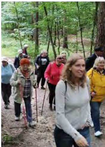
Spacer po Puszczy Niepołomickiej.
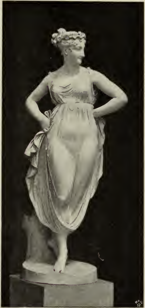
Abb. 48. Tanzerin. Originalmodell im Canova-Museum in Vossagno.

Das Denkmal wurde 1805 in der Augustinerkirche in Wien für die Erzherzogin Maria Christina aufgestellt, sein Entwurf geht jedoch in weit frühere Zeit zurück und war ursprünglich für einen ganz anderen Zweck, für ein Ehrenmonument Tizians in Santa Maria dei Frari zu Venedig, bestimmt. Die trauernd der Grabpyramide sich nahenden Gestalten verkörperten in dieser ersten Skizze freilich die Künste selbst, aber die damalige Auffassung solcher Allegorien machte es nicht schwer, ihre Bedeutung zu verändern. Das Tizianmonument war durch die Schicksale
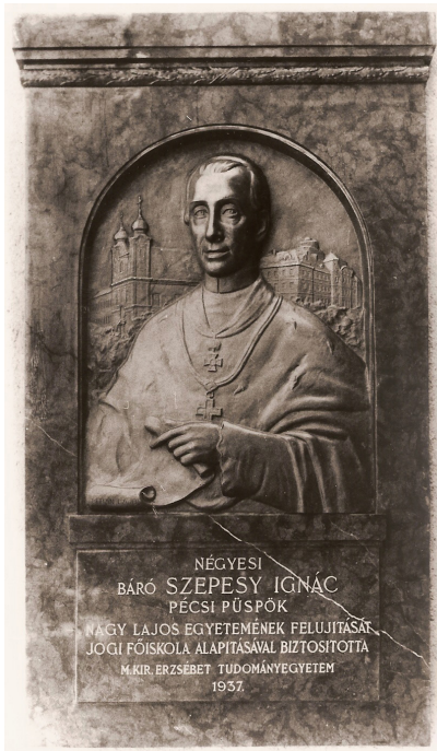
24. kép – Szepesy Ignác 1937-es emléktáblája

A jogi kar azonban nem mondott le az emléktábla és a centenárium megünneplésének tervéről, 1935-ben a rektor támogatását kérték az ügyben. A márvány emléktábla 1937-ben el is készült. Berán Lajos szobrászművész alkotásának közepén Szepesy Ignác portréja helyezkedett el, bal válla felett a Lyceum templom, jobb válla felett a liceum épülete kapott helyet. Felirata a következő volt: „Nagy Lajos egyetemének felújítását jogi főiskola alapításával biztosította”. Az emléktábla felirata az Erzsébet Tudományegyetem, a jogliceum és a középkori pécsi egyetem között teremtett kapcsolatot, kifejezve azt, hogy az Erzsébet Tudományegyetem mindkét intézményt elődjének tekinti. A központi épület jogi kari szárnyának árkádsor felé eső falán elhelyezett emléktáblát 1937. június 20-án ünnepi keretek között avatták fel. 85 Az eseményről, illetve az emléktábláról maradtak fenn fotók.
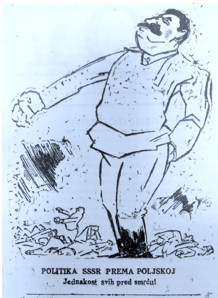
Sl. 1. Karikatura Staljina u Novom dobu kao komentar njegove ratne politike

Ipak, da kod Sibe Kvesića pri ocjenjivanju privrženosti širokih masa izvještavanju Slobodne Dalmacije nema previše uveličavanja, svjedoči i činjenica da je ustaški pokret amnestiju Ante Pavelića za partizane od 26. siječnja 1944. godine objavio lažnim brojem Slobodne Dalmacije – zapravo letkom – datiranim 29. siječnja 1944. i s pogrešnim brojem 29. 18 Moguće je primijetiti velik nesrazmjer između dva dnevnika, 19 koji ne treba čuditi upravo zbog posebnih i različitih uvjeta u kojima su djelovali. Utoliko je usporednu analizu sadržaja teže vršiti. Osim toga, sam sadržaj dvaju listova moguće je problematizirati kao unificiranu kategoriju za istraživanje u smislu da su razlike između novinarskih i uredničkih izbora ili pristupa – a ne samo ideološke ili svjetonazorske razlike – vrlo značajne. Snažan je naglasak u Novom dobu stavljan na vijesti s istočnih, talijanskih i, nakon ljeta 1944., zapadnih frontova – ove su vijesti dolazile iz novinskih agencija Sila osovine ili Hrvatskog dojavnog ureda, dakako, uz neizostavne ocjene o njemačkoj snažnoj i nepokolebljivoj obrani. 20 Naglasak na uspješnosti njemačkih obrambenih ili ofanzivnih nastojanja u Novom dobu samo se pojačavao nakon lipnja 1944. i iskrcavanja u Normandiji. 21 Dopisnička mreža Novoga

┄┄┄┄┄┄┄┄┄┄

### Goal of the exercise
From the first line of the records through the line with "24. kép – Szepesy Ignác 1937-es emléktáblája", reproduce each line exactly and leave the pictures out.

### Result below
Spacer po Puszczy Niepołomickiej.
Abb. 48. Tanzerin. Originalmodell im Canova-Museum in Vossagno.

Das Denkmal wurde 1805 in der Augustinerkirche in Wien für die Erzherzogin Maria Christina aufgestellt, sein Entwurf geht jedoch in weit frühere Zeit zurück und war ursprünglich für einen ganz anderen Zweck, für ein Ehrenmonument Tizians in Santa Maria dei Frari zu Venedig, bestimmt. Die trauernd der Grabpyramide sich nahenden Gestalten verkörperten in dieser ersten Skizze freilich die Künste selbst, aber die damalige Auffassung solcher Allegorien machte es nicht schwer, ihre Bedeutung zu verändern. Das Tizianmonument war durch die Schicksale
24. kép – Szepesy Ignác 1937-es emléktáblája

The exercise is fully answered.